If this is purely about getting a procfd then I think this isn't really
necessary since you can get it from /proc/<pid> and
/proc/<pid>/task/<tid> so a syscall just for that is likely overkill.
However, I started to pick up the CLONE_FD patchset but ideally I would
like it to be way simpler to what was proposed back in the day (which is
not a critique, I just don't feel comfortable with bringing massive
patches to the table that I can barely judge wrt to their correctness.
:)). I have toyed around with this a little and I'm tempted to simply
have the syscall always return an fd for the process and not require a
separate flag for this. But I need to work through the details and this
is really far out into the (kernel) future.

> 
> >> What happens if you use the new interface with an O_PATH descriptor?
> >
> > You get EINVAL. When an O_PATH file descriptor is created the kernel
> > will set file->f_op = &empty_fops at which point the check I added 
> >         if (!proc_is_tgid_procfd(f.file))
> >                 goto err;
> > will fail. Imho this is correct behavior since technically signaling a
> > struct pid is the equivalent of writing to a file and hence doesn't
> > purely operate on the file descriptor level.
> 
> Yes, that's quite reasonable.  Thanks.
> 
> Florian
Andy Lutomirski Dec. 6, 2018, 6:54 p.m. UTC | #47
> On Dec 4, 2018, at 4:55 AM, Florian Weimer <fweimer@redhat.com> wrote:
>
> * Christian Brauner:
>
>>> On Mon, Dec 03, 2018 at 05:57:51PM +0100, Florian Weimer wrote:
>>> * Christian Brauner:
>>>
>>>> Ok, I finally have access to source code again. Scratch what I said above!
>>>> I looked at the code and tested it. If the process has exited but not
>>>> yet waited upon aka is a zombie procfd_send_signal() will return 0. This
>>>> is identical to kill(2) behavior. It should've been sort-of obvious
>>>> since when a process is in zombie state /proc/<pid> will still be around
>>>> which means that struct pid must still be around.
>>>
>>> Should we make this state more accessible, by providing a different
>>> error code?
>>
>> No, I don't think we want that. Imho, It's not really helpful. Signals
>> are still delivered to zombies. If zombie state were to always mean that
>> no-one is going to wait on this thread anymore then it would make sense
>> to me. But given that zombie can also mean that someone put a
>> sleep(1000) right before their wait() call in the parent it seems odd to
>> report back that it is a zombie.
>
> It allows for error checking that the recipient of a signal is still
> running.  It's obviously not reliable, but I think it could be helpful
> in the context of closely cooperating processes.
>
>>> Will the system call ever return ESRCH, given that you have a handle for
>>> the process?
>>
>> Yes, whenever you signal a process that has already been waited upon:
>> - get procfd handle referring to <proc>
>> - <proc> exits and is waited upon
>> - procfd_send_signal(procfd, ...) returns -1 with errno == ESRCH
>
> I see, thanks.
>
>>> Do you want to land all this in one kernel release?  I wonder how
>>> applications are supposed to discover kernel support if functionality is
>>> split across several kernel releases.  If you get EINVAL or EBADF, it
>>> may not be obvious what is going on.
>>
>> Sigh, I get that but I really don't want to have to land this in one big
>> chunk.
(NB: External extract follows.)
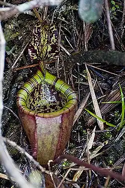 This species is endemic to the Victoria Massif in Palawan. There, it grows from 1450 m above sea level to the summit of Mount Victoria at 1726 m.[15] Originally known only from Mount Victoria itself, it has since been found on the largest peak of the Victoria Massif, Mount Sagpaw, and along the connecting ridges from the site of first collection.[15][16][17][18] The species is found among shrubs 0.8–1.8 m tall in relatively scattered populations of plants on rocky, ultramafic soil. It is not sympatric with other Nepenthes species and no natural hybrids have been recorded.[2][12]

I want this syscall to go in in a as soon as we can to fulfill
>> the most basic need: having a way that guarantees us that we signal the
>> process that we intended to signal.
>>
>> The thread case is easy to implement on top of it. But I suspect we will
>> quibble about the exact semantics for a long time. Even now we have been
>> on multiple - justified - detrous. That's all pefectly fine and
>> expected. But if we have the basic functionality in we have time to do
>> all of that. We might even land it in the same kernel release still. I
>> really don't want to come of as tea-party-kernel-conservative here but I
>> have time-and-time again seen that making something fancy and cover ever
>> interesting feature in one patchset takes a very very long time.
>>
>> If you care about userspace being able to detect that case I can return
>> EOPNOTSUPP when a tid descriptor is passed.
>
> I suppose that's fine.  Or alternatively, when thread group support is
> added, introduce a flag that applications have to use to enable it, so
> that they can probe for support by checking support for the flag.
>
> I wouldn't be opposed to a new system call like this either:
>
>  int procfd_open (pid_t thread_group, pid_t thread_id, unsigned flags);
>
> But I think this is frowned upon on the kernel side.

I have no problem with it, except that I think it shouldn’t return an
fd that can be used for proc filesystem access.
Florian Weimer Dec. 6, 2018, 6:56 p.m. UTC | #48
* Andy Lutomirski:

>> I suppose that's fine.  Or alternatively, when thread group support is
>> added, introduce a flag that applications have to use to enable it, so
>> that they can probe for support by checking support for the flag.
>>
>> I wouldn't be opposed to a new system call like this either:
>>
>>  int procfd_open (pid_t thread_group, pid_t thread_id, unsigned flags);
>>
>> But I think this is frowned upon on the kernel side.
>
> I have no problem with it, except that I think it shouldn’t return an
> fd that can be used for proc filesystem access.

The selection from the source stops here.